II) Here is a non-trivial example. Let us instead assume that the CCR for the complex bosonic scalar $\hat{\phi}$ and $\hat{\phi}^{\dagger}$ reads
$$\tag{1} [\hat{\phi}(x,t), \hat{\phi}^{\dagger}(y,t)]
~=~\hbar{\bf 1}~ \delta(x-y), $$
and other CCRs vanish. Equivalently in terms of Poisson brackets
$$\tag{2} \{\phi(x,t), \phi^{\ast}(y,t)\}~=~-i\delta(x-y). $$
We can expand the complex scalar field
$$\tag{3} \phi~=~(\phi^1+i\phi^2)/\sqrt{2} $$
in two real component fields $\phi^a$ , $a=1,2$. Then the CCR (2) becomes
$$\tag{4} \{\phi^1(x,t), \phi^{2}(y,t)\}~=~\delta(x-y). $$
Conclusion: We can identify $\phi^2$ as the momentum for $\phi^1$.
Next recall that OP's Hamiltonian density is (up to a total $x$-derivative)
$$ \tag{5} {\cal H}
~=~\frac{i}{2}\left(\phi\partial_x\phi^{\ast}-\phi^{\ast}\partial_x\phi\right) + V(\phi,\phi^{\ast})
~=~\frac{1}{2}\left(\phi^1\partial_x\phi^2-\phi^2\partial_x\phi^1\right) + V(\phi^1,\phi^2). $$
The corresponding Lagrangian density is then (up to a total $t$-derivative)
$$ \tag{6} {\cal L}~=~\phi^2\dot{\phi}^1-{\cal H}~\sim~
i\phi^*\dot{\phi}-{\cal H}.$$
[Here the $\sim$ symbol means equality modulo total derivative terms.] This Legendre transformation (5)-(6) is explained in detail in this Phys.SE post.
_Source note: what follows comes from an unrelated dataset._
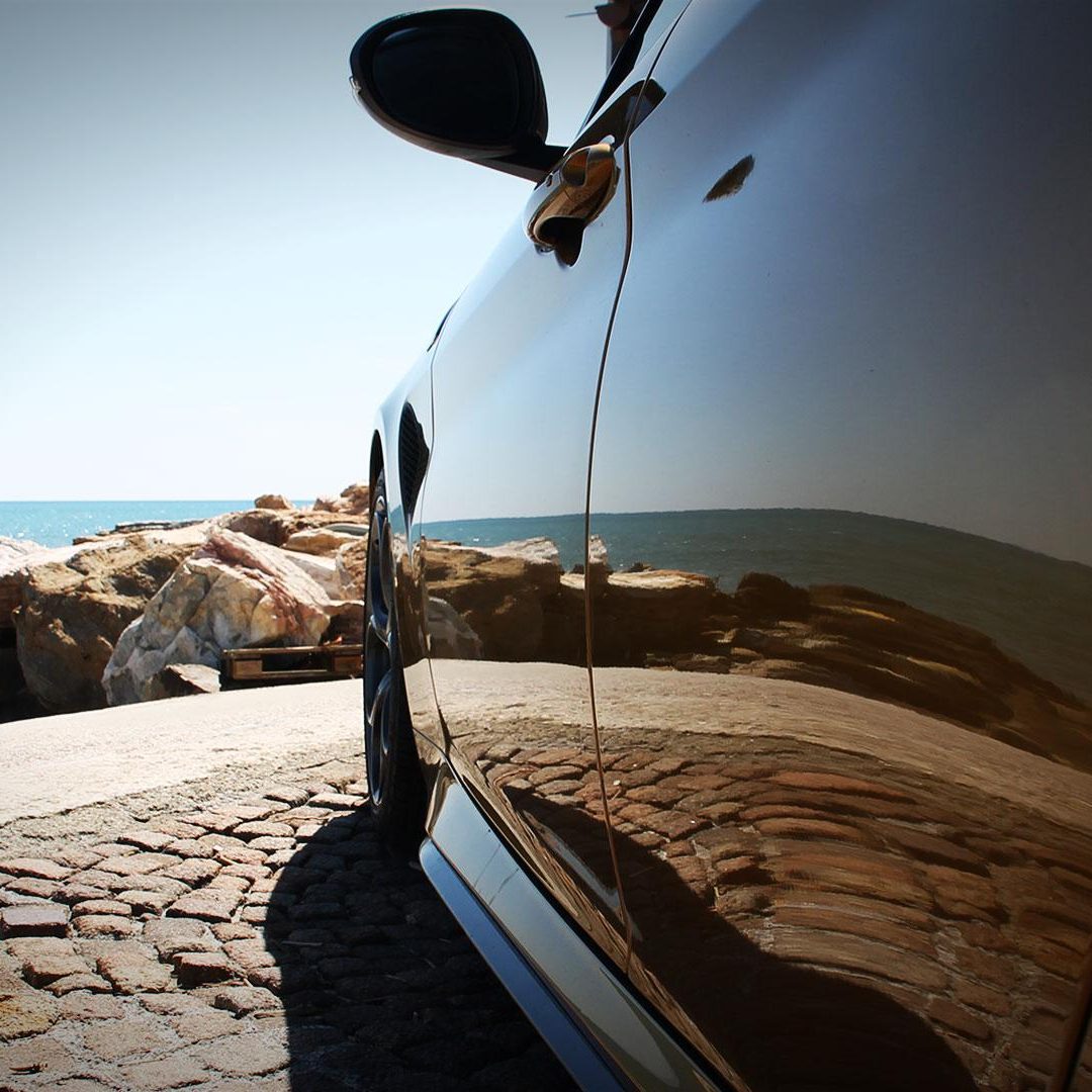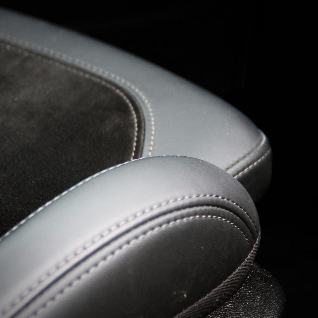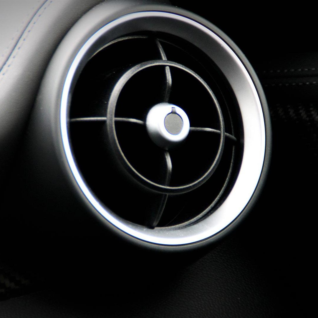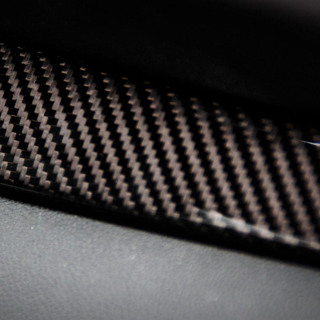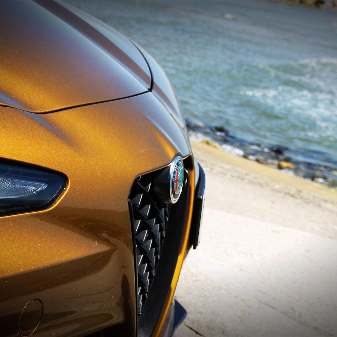 Molto ben rifinito l’ambiente interno, che mette alla vista superfici rivestite con pellami e Alcantara impreziosite da bellissime impunture a contrasto, inserti metallici e fibra di carbonio a profusione e numerosissimi vani per gli oggetti di piccole dimensioni. Nonché tanti punti per la ricarica dei device mobili. Una strumentazione che affianca elementi analogici e digitali, un volante davvero impeccabile (si potrebbe solo richiedere un po’ di spessore in più dalla corona in corrispondenza delle 9:15) con pulsante start e comandi integrati e con paddles metallici fissi alle spalle completa la caratterizzazione di un abitacolo che combina insieme eleganza e sportività e che non manca di far trasparire il logo del Quadrifoglio e il nostro bel Tricolore al fianco di sedili anteriori ampiamente regolabili. E come all’interno, anche all’esterno la fibra di carbonio la fa da padrona, tanto in elementi lasciati liberi alla vista (come superfici aerodinamiche, minigonne e tetto) quanto in quelli che lo nascondono (come cofano anteriore e bagagliaio). Insomma: una vera sportiva di razza travestita da berlina.

Note that the Lagrangian density (6) unconventionally depends on the momentum variable $\phi^2$. Nevertheless, the corresponding action $S=\int \! dt~dx~{\cal L}$ leads to the correct equations of motion, and serves as a starting point for the path integral formulation.